> Problem: Look below for the line with "Young man wearing"; begin the copy there and stop after the line with "Overall, VPS data", keeping the text exact and the pictures out.

START Data in this exercise

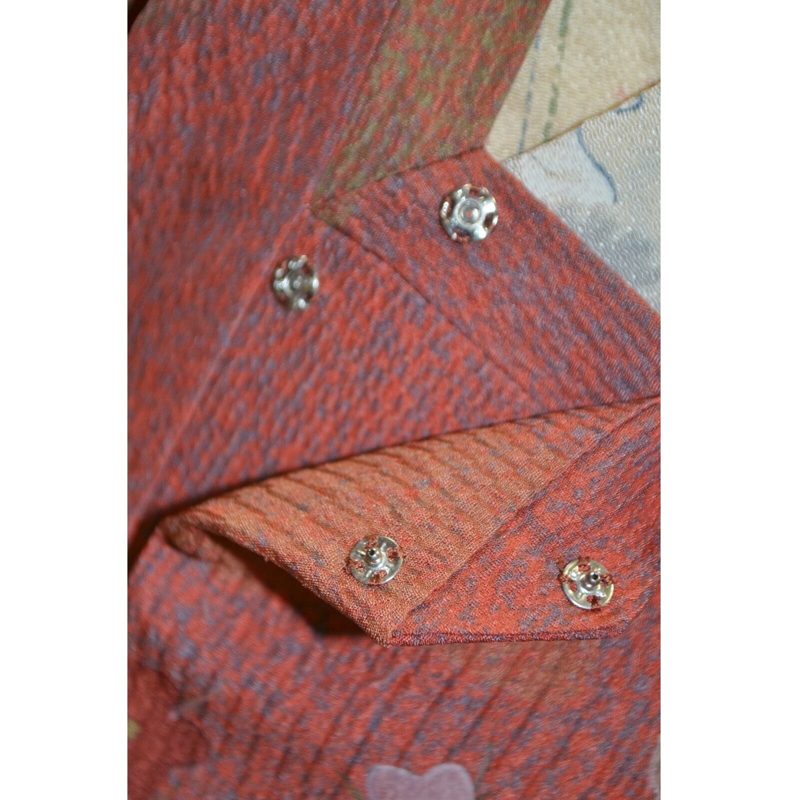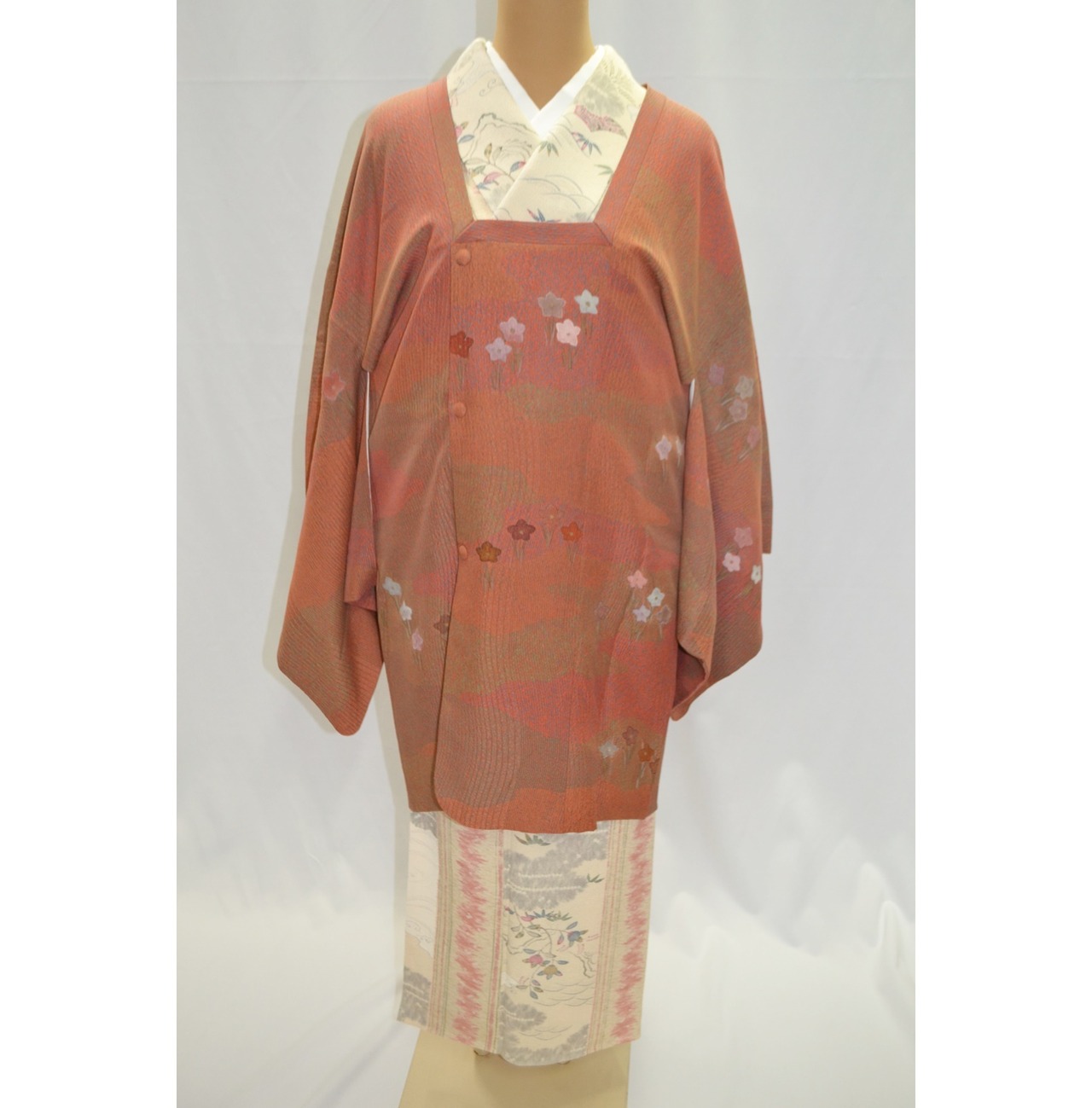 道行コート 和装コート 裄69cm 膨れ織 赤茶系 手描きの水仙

END Data in this exercise
START Data in this exercise

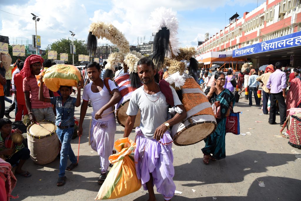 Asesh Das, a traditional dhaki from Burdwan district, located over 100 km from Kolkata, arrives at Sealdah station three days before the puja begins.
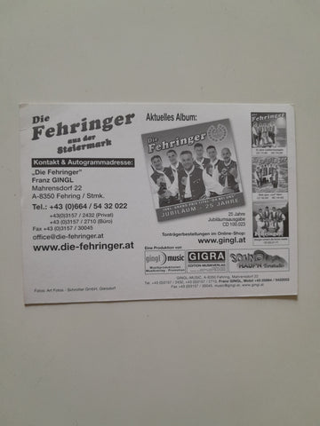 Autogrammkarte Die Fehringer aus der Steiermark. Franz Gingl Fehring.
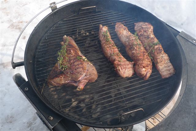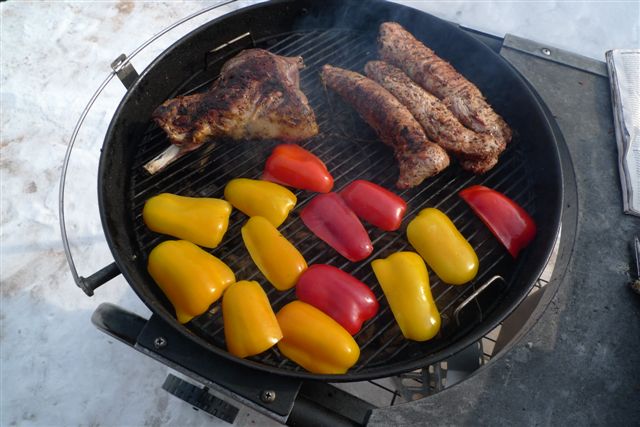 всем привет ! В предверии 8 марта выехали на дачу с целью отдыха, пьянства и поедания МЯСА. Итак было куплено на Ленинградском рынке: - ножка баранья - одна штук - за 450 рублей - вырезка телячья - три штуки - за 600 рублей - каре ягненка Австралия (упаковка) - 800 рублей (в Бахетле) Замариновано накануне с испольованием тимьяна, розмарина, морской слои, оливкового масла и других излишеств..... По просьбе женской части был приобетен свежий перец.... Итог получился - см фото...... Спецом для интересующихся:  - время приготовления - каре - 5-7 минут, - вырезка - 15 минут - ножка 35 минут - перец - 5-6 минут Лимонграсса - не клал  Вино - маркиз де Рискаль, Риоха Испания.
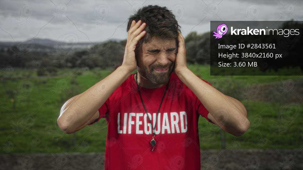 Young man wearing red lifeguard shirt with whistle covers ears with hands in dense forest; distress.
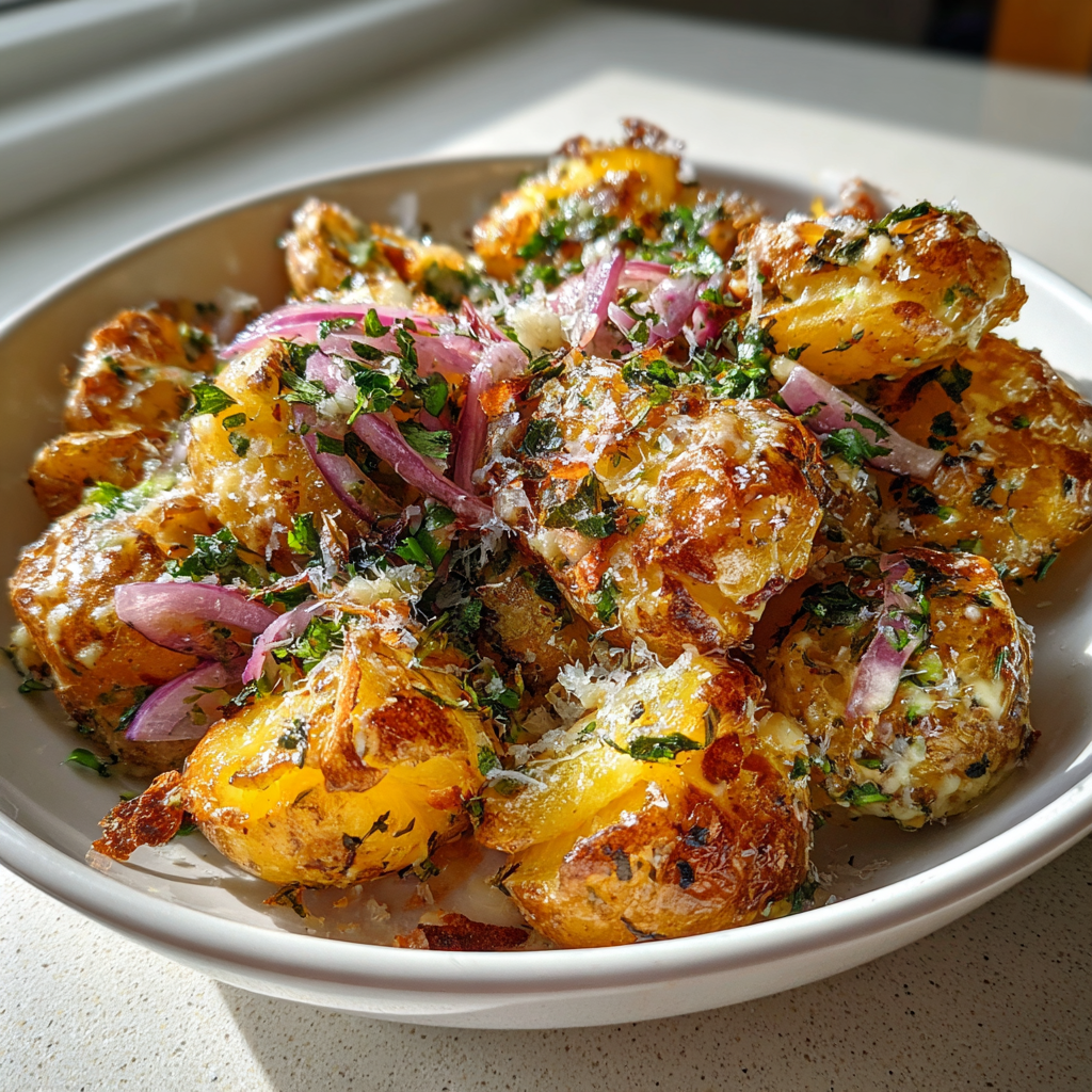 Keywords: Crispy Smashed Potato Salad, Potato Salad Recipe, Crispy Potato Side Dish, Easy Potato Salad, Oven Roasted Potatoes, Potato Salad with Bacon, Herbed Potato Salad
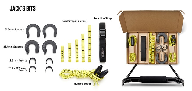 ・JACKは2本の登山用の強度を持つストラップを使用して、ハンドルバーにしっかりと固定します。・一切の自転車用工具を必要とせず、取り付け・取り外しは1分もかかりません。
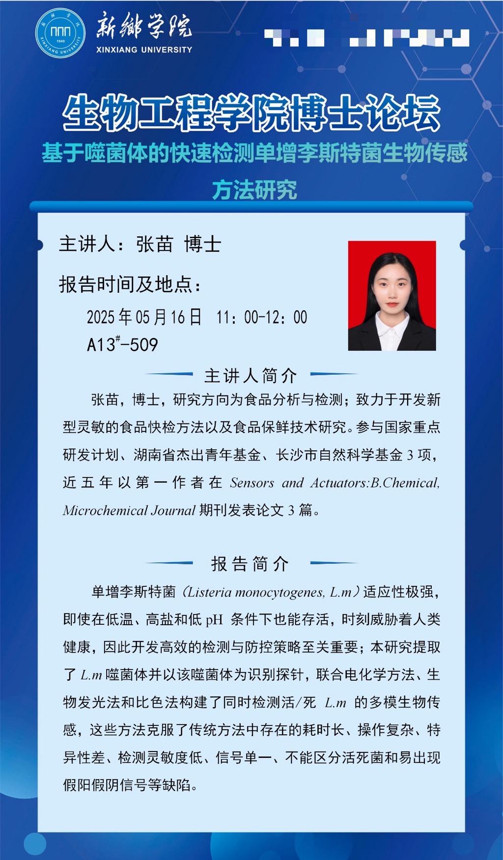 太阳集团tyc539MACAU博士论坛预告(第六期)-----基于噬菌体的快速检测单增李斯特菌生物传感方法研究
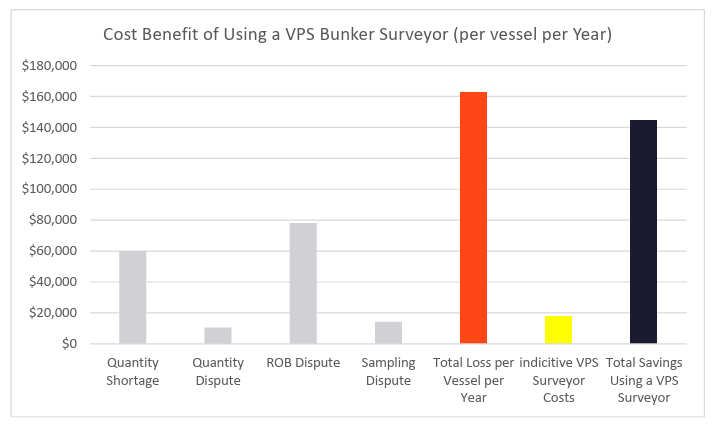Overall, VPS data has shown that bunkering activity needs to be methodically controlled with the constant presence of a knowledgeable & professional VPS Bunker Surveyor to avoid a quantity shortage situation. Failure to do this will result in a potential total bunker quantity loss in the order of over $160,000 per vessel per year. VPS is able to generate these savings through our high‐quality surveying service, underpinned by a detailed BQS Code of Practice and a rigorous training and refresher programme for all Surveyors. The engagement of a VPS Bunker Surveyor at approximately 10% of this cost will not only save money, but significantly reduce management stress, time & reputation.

END Data in this exercise
START Data in this exercise

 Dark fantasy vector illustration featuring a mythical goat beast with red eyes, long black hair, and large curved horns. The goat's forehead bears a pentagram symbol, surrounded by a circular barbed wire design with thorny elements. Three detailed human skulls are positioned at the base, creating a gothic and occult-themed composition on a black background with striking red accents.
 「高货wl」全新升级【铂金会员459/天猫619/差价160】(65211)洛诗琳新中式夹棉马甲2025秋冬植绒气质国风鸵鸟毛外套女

END Data in this exercise

> Written solution:
 Young man wearing red lifeguard shirt with whistle covers ears with hands in dense forest; distress.
 Keywords: Crispy Smashed Potato Salad, Potato Salad Recipe, Crispy Potato Side Dish, Easy Potato Salad, Oven Roasted Potatoes, Potato Salad with Bacon, Herbed Potato Salad
 ・JACKは2本の登山用の強度を持つストラップを使用して、ハンドルバーにしっかりと固定します。・一切の自転車用工具を必要とせず、取り付け・取り外しは1分もかかりません。
 太阳集团tyc539MACAU博士论坛预告(第六期)-----基于噬菌体的快速检测单增李斯特菌生物传感方法研究
Overall, VPS data has shown that bunkering activity needs to be methodically controlled with the constant presence of a knowledgeable & professional VPS Bunker Surveyor to avoid a quantity shortage situation. Failure to do this will result in a potential total bunker quantity loss in the order of over $160,000 per vessel per year. VPS is able to generate these savings through our high‐quality surveying service, underpinned by a detailed BQS Code of Practice and a rigorous training and refresher programme for all Surveyors. The engagement of a VPS Bunker Surveyor at approximately 10% of this cost will not only save money, but significantly reduce management stress, time & reputation.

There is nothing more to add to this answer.